Hydraulic surges during LPG transfers can cause catastrophic failures, which is why a rigorous engineering approach to surge management is essential, explains Milangaz LPG terminal manager, Onur Özutku
In liquefied petroleum gas (LPG) terminals, the interface between ship and shore presents a dynamic and technically challenging environment. Central to this challenge is the management of hydraulic surge pressures — sudden, high-energy pressure waves that can damage infrastructure, rupture cargo lines, and potentially result in a loss of containment.
Milangaz LPG terminal manager, Onur Özutku, explains: “Hydraulic surges are a known hazard in pressurised liquid transfer systems. Their occurrence during high-rate cargo loading, especially at the emergency shutdown interface, can impose forces beyond the design limits of terminal and vessel infrastructure.”
Hydraulic surges — commonly termed ‘water hammer’ — occur when a rapid change in fluid velocity generates a travelling pressure wave. In cryogenic and pressurised systems such as LPG or LNG transfer pipelines, this can be triggered by events such as abrupt valve closures, pump trips, or emergency shutdowns (ESDs). “The fluid’s momentum,” Mr Özutku explains, “acts against the obstruction, compressing both the liquid and the pipeline. This compression produces a wave that travels at the speed of sound in the fluid, rebounding within the pipeline until dissipated.” In terminals handling liquefied gases, the combination of low temperatures, high density, and large volumes exacerbates this phenomenon.
The engineering response begins with surge analysis. During the design phase of a terminal, computational hydraulic modelling is employed to predict how surge pressures might develop across a variety of operational scenarios. Mr Özutku states that the key variables — pipeline length, fluid density, pump characteristics, and valve closure rates — must be considered holistically. “By simulating operational and emergency cases, engineers can define maximum allowable flow rates and determine safe valve actuation profiles,” he notes.

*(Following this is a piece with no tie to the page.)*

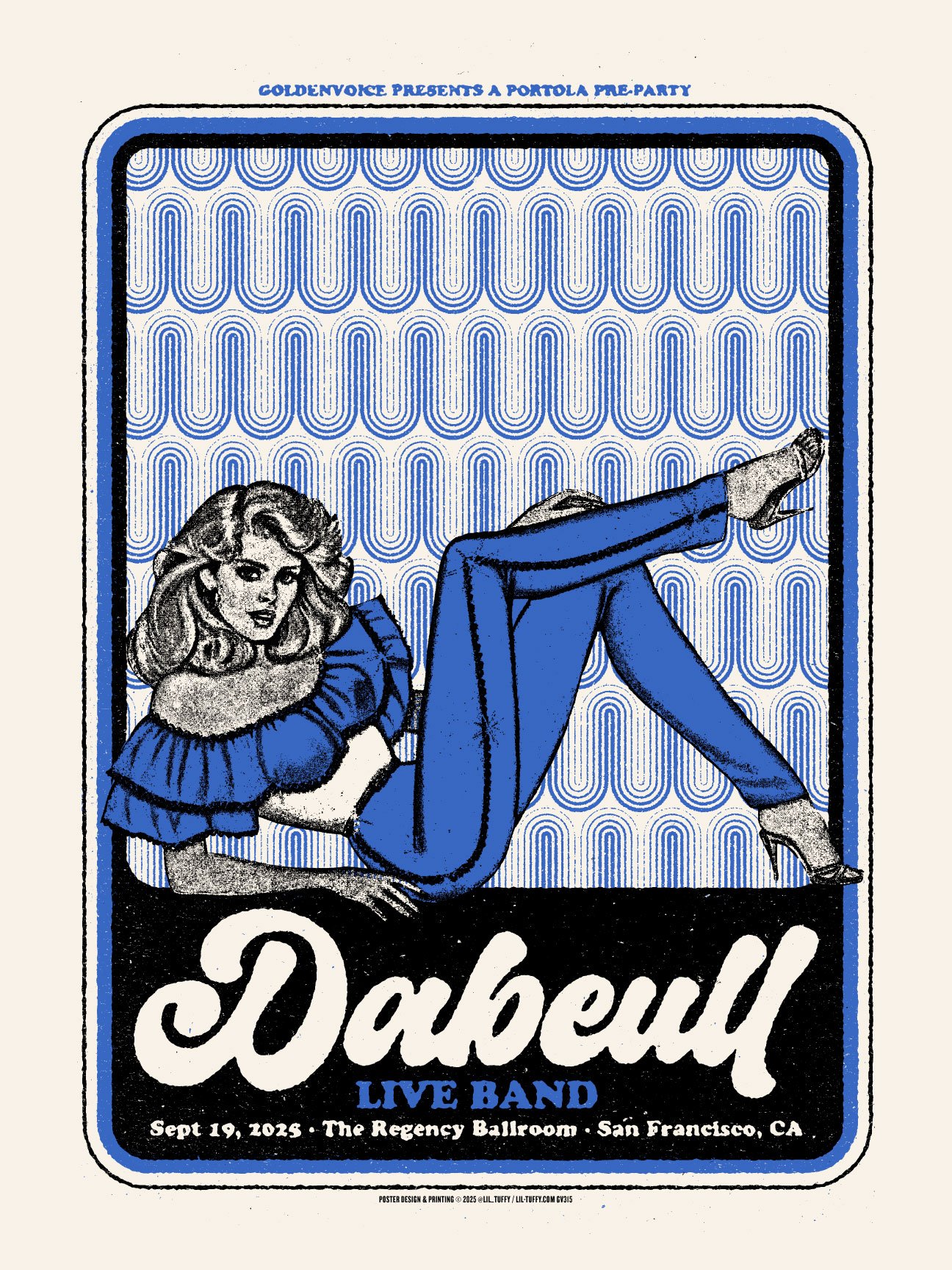 Dabeull (live band - Portola Pre-Party) The Regency Ballroom · Sep 19. 2025 · San Francisco Client: Goldenvoice Dimensions: 18" x 24" · Edition: 200 · Colors: 2

At play are the practical complexities that occur during loading operations. At such large facilities, the volume of LPG transferred and the infrastructure required to manage loading rates introduces considerable surge risk. Long pipeline runs, multiple valve stations, and the presence of ESD systems on both ship and shore complicate the hydraulic response.
“The surge risk profile changes and analysis must be ongoing”
The configuration and co-ordination of these systems are especially critical during ESD. In such scenarios, the shore-side system must respond in synchrony with the vessel systems. A mismatch in ESD timing can lead to over-pressurisation of hoses or hard arms. Mr Özutku explains: “If the ship’s ESD valves begin closing before the terminal system halts flow, surge pressures can rise rapidly. The rupture of cargo arms or failure of flexible joints is a real possibility.” To mitigate this, some terminals are equipped with surge drums at the loading jetty, capable of absorbing the pressure wave and protecting the downstream system.